* _RECORDS FOR THIS TASK_
★ ★ ★ ★ ★

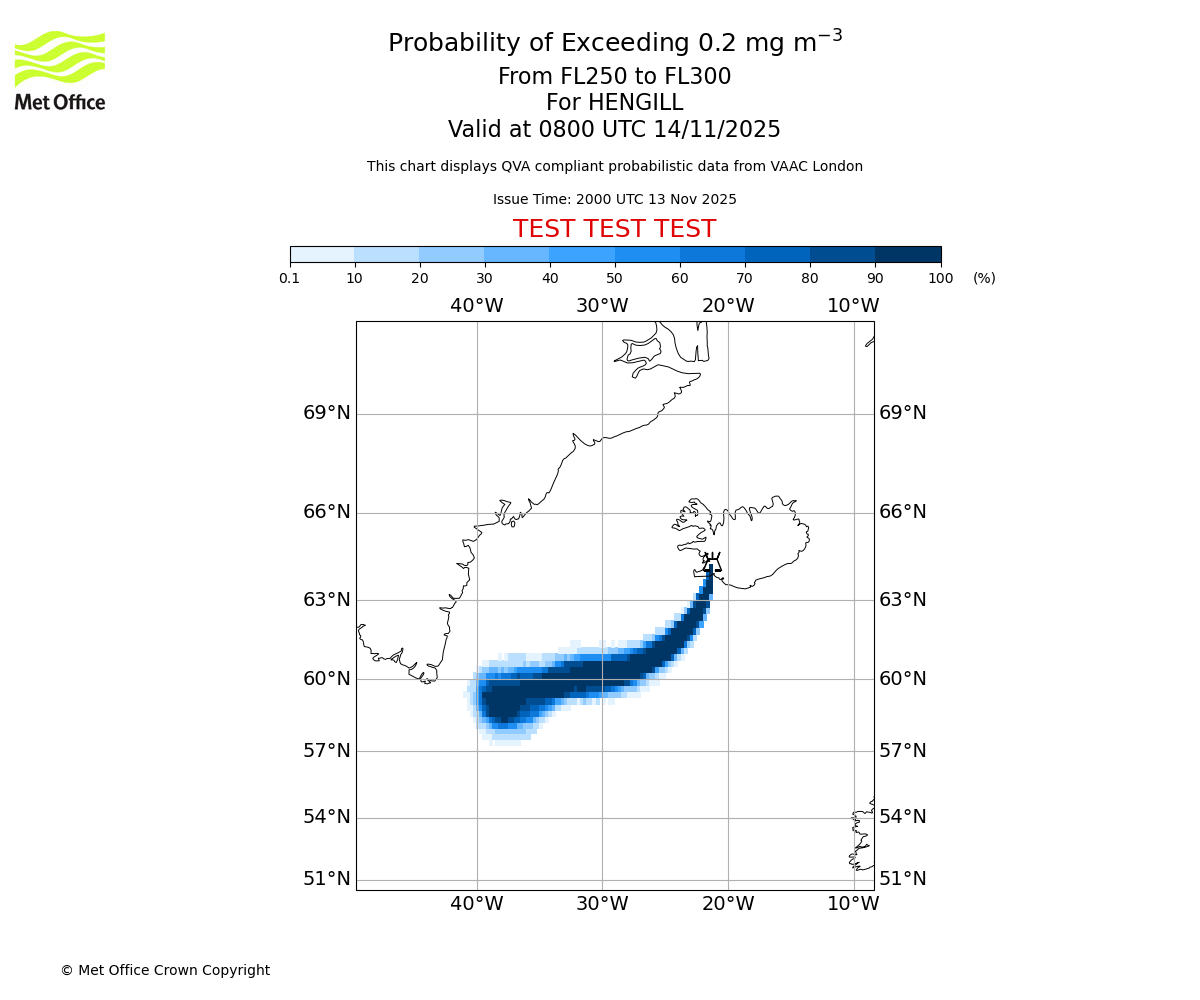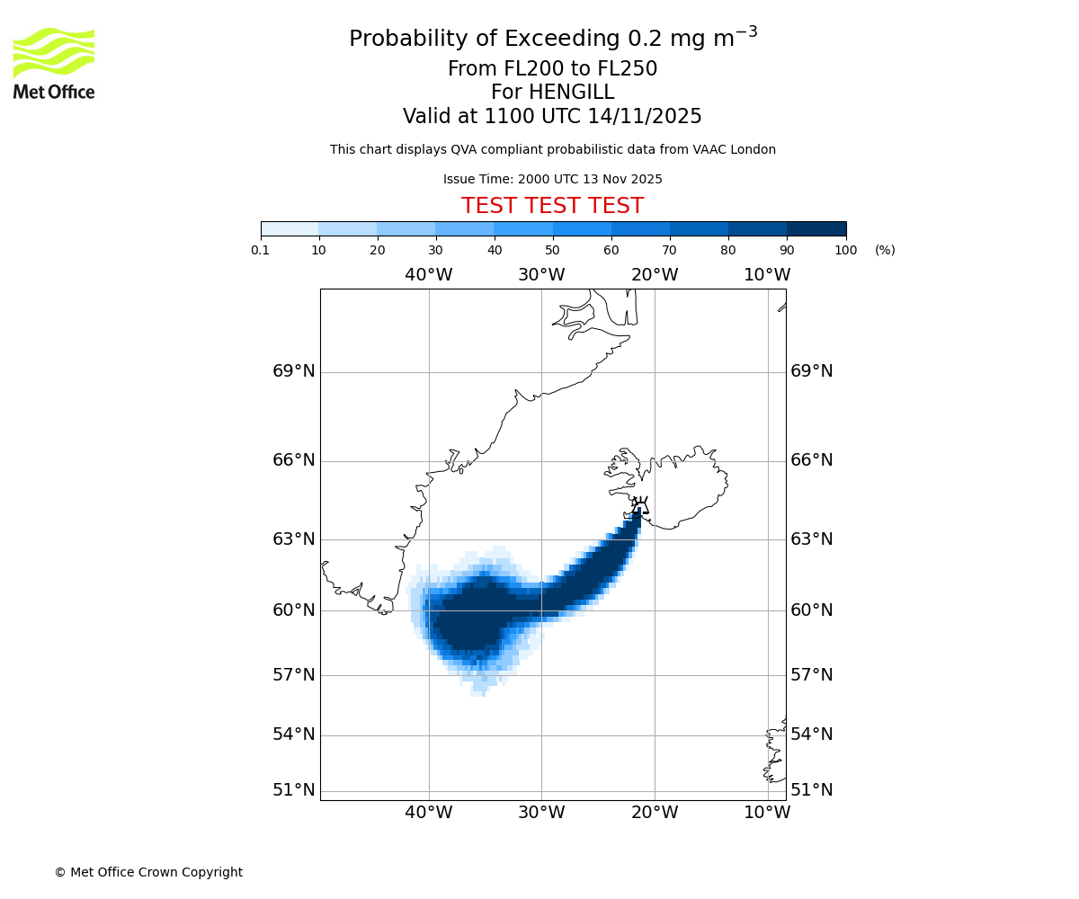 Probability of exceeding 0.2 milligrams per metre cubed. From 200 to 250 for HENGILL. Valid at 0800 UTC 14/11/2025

★ ★ ★ ★ ★

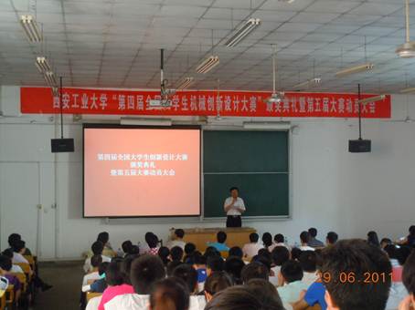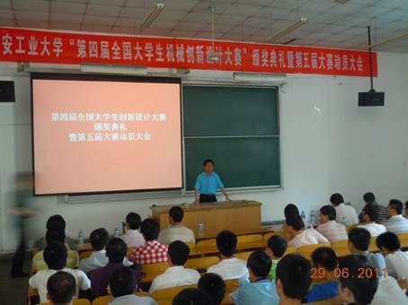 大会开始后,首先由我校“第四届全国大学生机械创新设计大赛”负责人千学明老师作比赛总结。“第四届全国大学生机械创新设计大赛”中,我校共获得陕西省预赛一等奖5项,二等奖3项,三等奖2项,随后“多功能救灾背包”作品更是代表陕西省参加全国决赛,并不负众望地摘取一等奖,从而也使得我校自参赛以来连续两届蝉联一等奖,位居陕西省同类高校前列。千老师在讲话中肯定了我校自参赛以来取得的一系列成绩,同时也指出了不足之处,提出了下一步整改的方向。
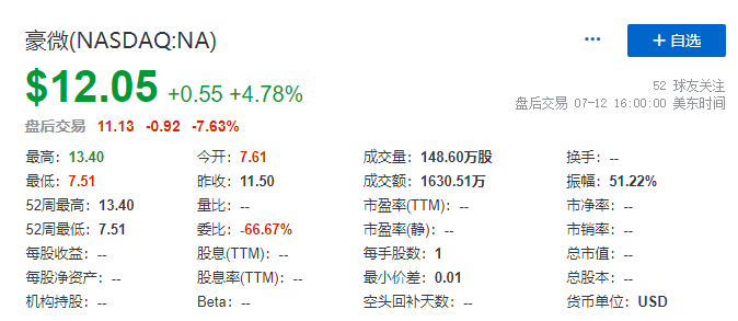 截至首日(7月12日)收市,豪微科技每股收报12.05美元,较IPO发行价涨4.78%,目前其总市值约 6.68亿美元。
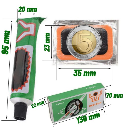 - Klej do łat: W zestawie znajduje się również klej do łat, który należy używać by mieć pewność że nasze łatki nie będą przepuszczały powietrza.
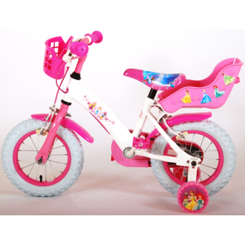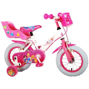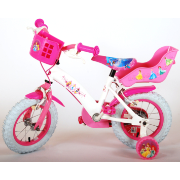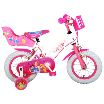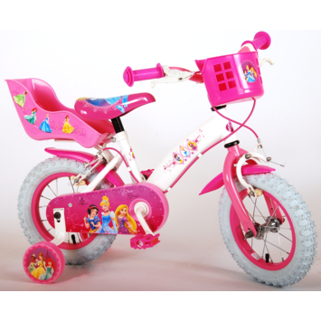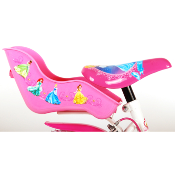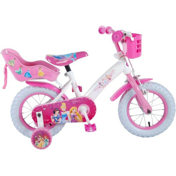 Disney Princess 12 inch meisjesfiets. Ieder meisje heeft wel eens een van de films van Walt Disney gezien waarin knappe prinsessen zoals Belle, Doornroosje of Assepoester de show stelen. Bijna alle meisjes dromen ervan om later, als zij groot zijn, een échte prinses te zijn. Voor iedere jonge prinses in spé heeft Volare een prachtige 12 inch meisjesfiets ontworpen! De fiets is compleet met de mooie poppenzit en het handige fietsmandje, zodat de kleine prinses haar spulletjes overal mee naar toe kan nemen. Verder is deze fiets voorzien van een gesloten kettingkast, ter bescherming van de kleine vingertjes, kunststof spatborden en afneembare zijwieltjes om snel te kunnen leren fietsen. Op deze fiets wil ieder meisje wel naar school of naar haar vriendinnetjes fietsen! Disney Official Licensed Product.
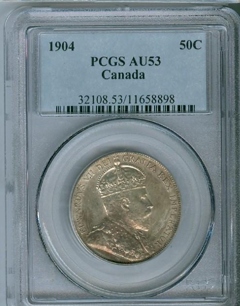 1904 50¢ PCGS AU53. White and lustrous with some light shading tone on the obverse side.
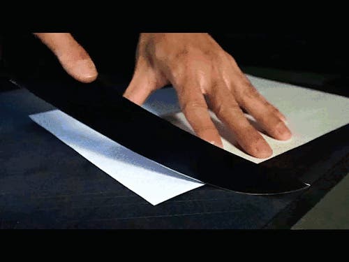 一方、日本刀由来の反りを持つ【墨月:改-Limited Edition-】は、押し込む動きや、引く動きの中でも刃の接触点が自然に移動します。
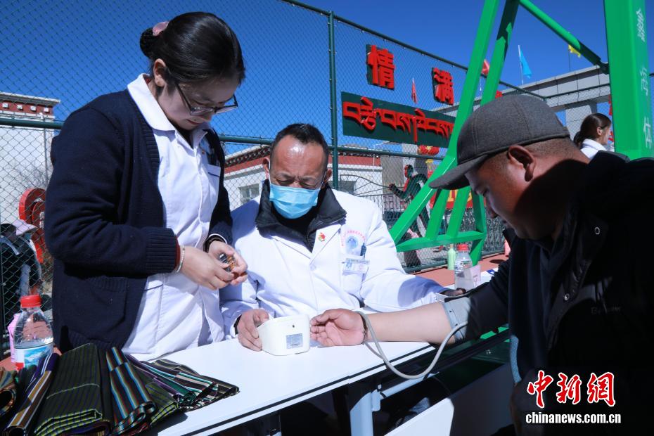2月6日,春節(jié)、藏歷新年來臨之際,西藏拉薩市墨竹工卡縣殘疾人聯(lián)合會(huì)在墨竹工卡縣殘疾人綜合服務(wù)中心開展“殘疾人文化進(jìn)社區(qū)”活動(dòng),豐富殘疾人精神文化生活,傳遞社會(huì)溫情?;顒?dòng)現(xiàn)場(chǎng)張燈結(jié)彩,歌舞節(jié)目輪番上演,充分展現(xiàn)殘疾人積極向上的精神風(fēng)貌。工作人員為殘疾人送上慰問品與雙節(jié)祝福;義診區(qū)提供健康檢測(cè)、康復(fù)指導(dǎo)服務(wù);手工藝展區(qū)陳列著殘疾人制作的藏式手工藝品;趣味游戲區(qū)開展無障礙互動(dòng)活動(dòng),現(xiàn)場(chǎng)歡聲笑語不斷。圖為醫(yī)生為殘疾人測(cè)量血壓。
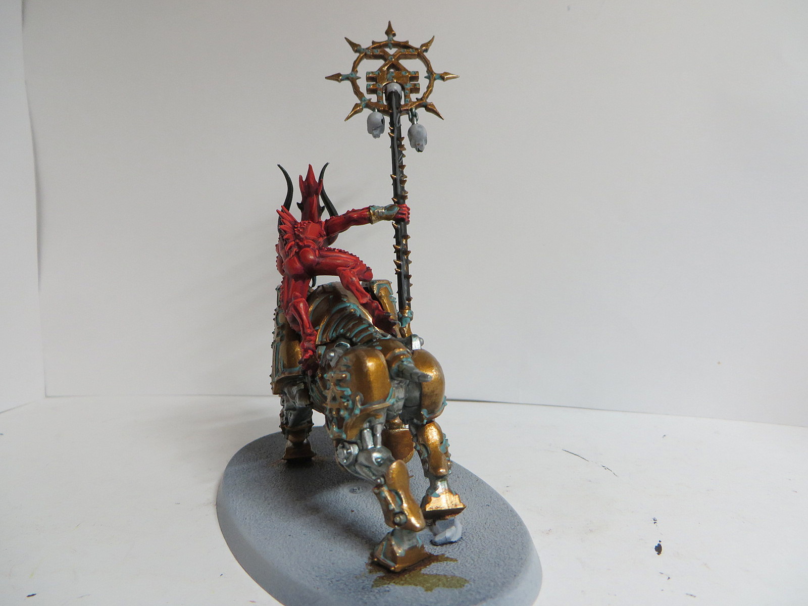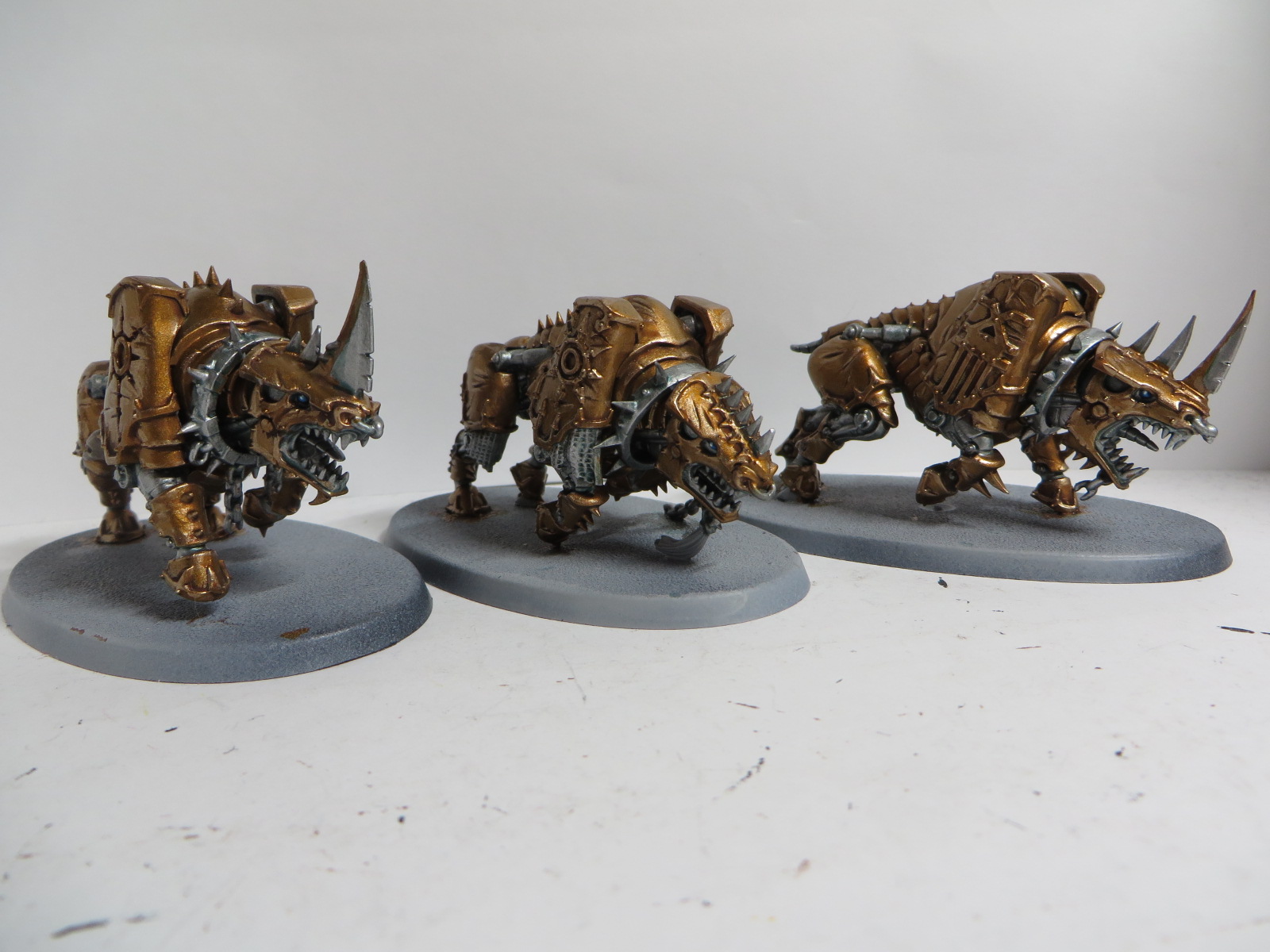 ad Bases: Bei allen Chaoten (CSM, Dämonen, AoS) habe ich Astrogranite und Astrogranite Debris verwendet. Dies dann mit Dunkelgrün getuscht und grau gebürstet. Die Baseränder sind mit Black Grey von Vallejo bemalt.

★ ★ ★ ★ ★

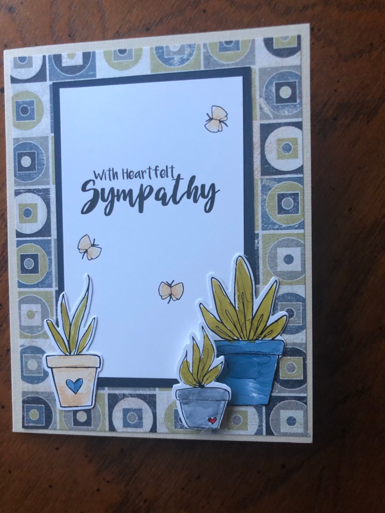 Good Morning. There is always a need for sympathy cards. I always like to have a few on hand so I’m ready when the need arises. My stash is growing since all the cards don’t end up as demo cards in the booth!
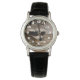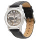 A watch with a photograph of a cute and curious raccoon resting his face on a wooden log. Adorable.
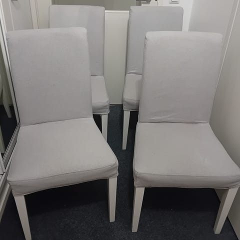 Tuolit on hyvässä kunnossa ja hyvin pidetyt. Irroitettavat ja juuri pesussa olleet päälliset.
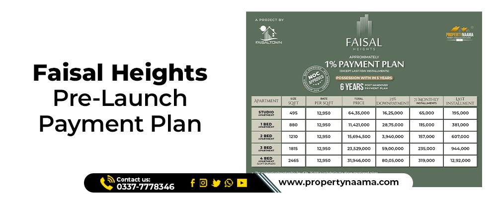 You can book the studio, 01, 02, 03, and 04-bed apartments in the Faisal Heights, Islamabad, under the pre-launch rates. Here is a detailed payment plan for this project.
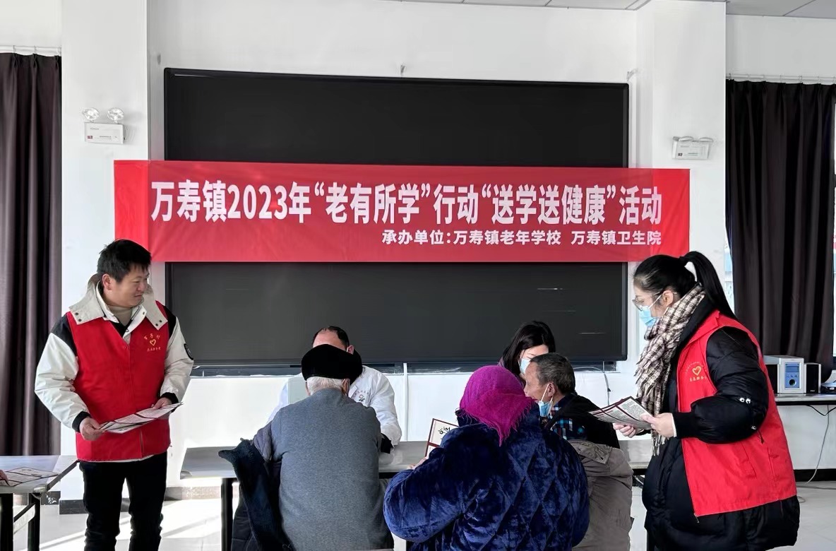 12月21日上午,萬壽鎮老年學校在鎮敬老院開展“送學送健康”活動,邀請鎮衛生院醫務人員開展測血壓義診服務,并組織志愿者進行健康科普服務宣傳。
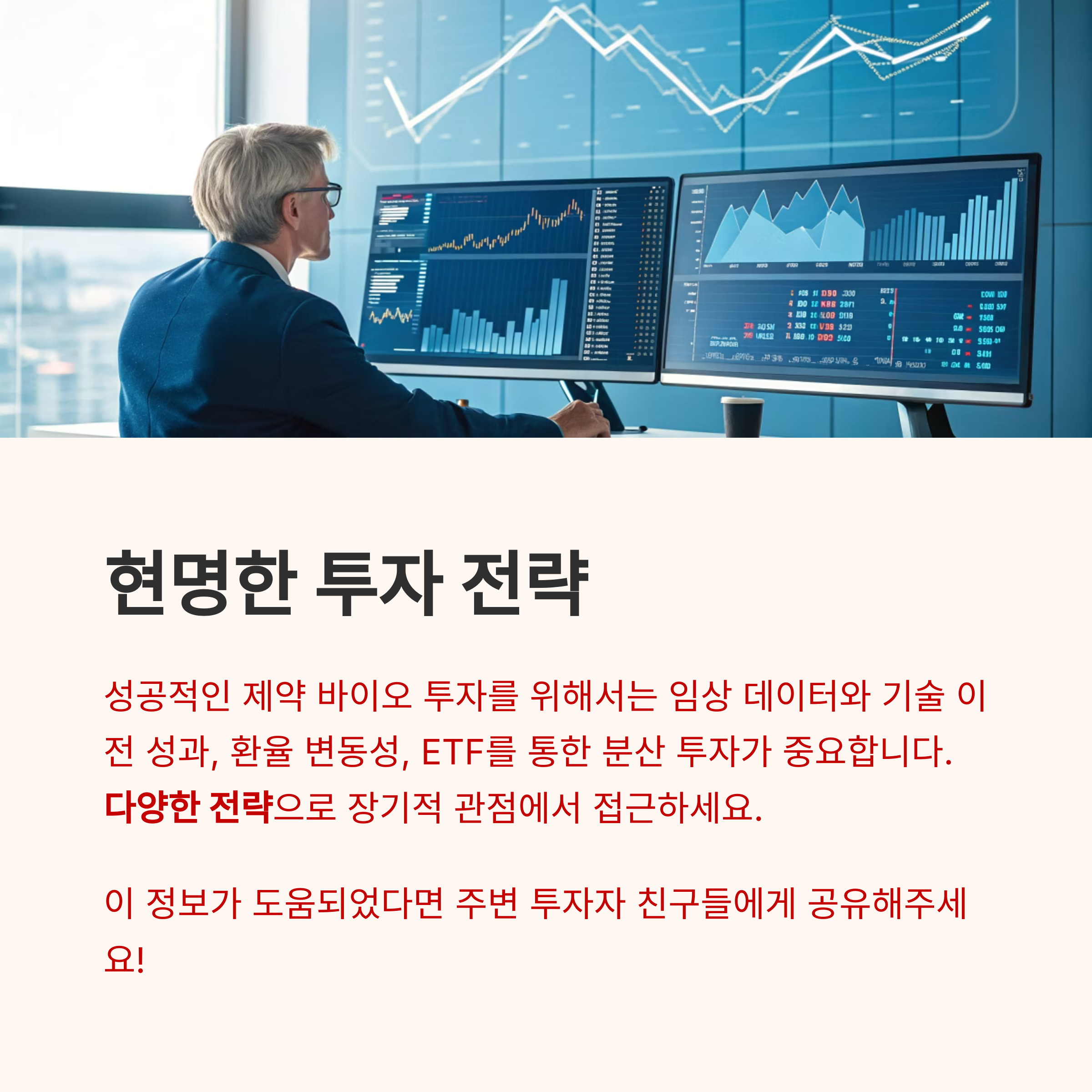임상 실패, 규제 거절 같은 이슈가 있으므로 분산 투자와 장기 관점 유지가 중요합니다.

★ ★ ★ ★ ★

* _TASK PROMPT_
In the listing above, find the line with "Tuolit on hyvässä" and the line with "임상 실패, 규제 거절". Output both, plus every line between them, and no pictures.

* _RESPONSE FOR THIS EXERCISE_
 Tuolit on hyvässä kunnossa ja hyvin pidetyt. Irroitettavat ja juuri pesussa olleet päälliset.
 You can book the studio, 01, 02, 03, and 04-bed apartments in the Faisal Heights, Islamabad, under the pre-launch rates. Here is a detailed payment plan for this project.
 12月21日上午,萬壽鎮老年學校在鎮敬老院開展“送學送健康”活動,邀請鎮衛生院醫務人員開展測血壓義診服務,并組織志愿者進行健康科普服務宣傳。
임상 실패, 규제 거절 같은 이슈가 있으므로 분산 투자와 장기 관점 유지가 중요합니다.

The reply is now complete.